HONOLULU — Honolulu has become the latest Hawaii county to adopt its own hotel tax after Mayor Rick Blangiardi signed legislation adding a 3% surcharge to the state’s levy on short-term rentals.
Officials estimate the new tax could generate about $86 million a year for Oahu, the Honolulu Star-Advertiser reported.
The surcharge will be imposed on top of the state’s 10.25% tax on gross rental proceeds from hotels, vacation rentals, timeshares and other transient accommodations.
Honolulu plans to allocate 58% of the tax’s revenue to the general fund, about 33% to rail and about 8% to a special fund for natural resources.

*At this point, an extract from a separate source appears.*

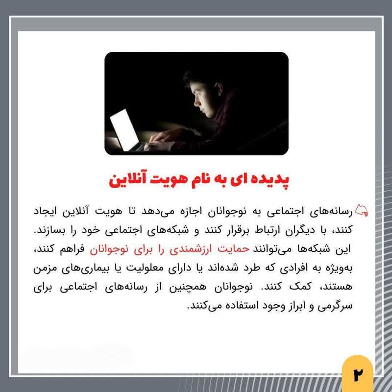 درصد نوجوانان همیشه آنلاین هستند. ����پدیده‌ای به نام هویت آنلاین ����آسیب‌های رسانه‌های اجتماعی ����اجازه ندهید کنترل زندگیتان از دست برود.

Kauai, Maui and Hawaii counties have already adopted the surcharge.
The counties acted after the state Legislature this year stopped a sharing portion of the state tax with them. The counties used to collectively receive about $130 million of the state’s transient accommodations tax revenue annually. Honolulu County received 44%, or about $45 million, of the total.
The measure passed by lawmakers allows counties to recoup funds by implementing their own tax.
The Honolulu City Council passed the bill in a 6-3 vote earlier this month. Council members Heidi Tsuneyoshi, Augie Tulba and Carol Fukunaga voted against it because it allocated funds to the city’s rail project.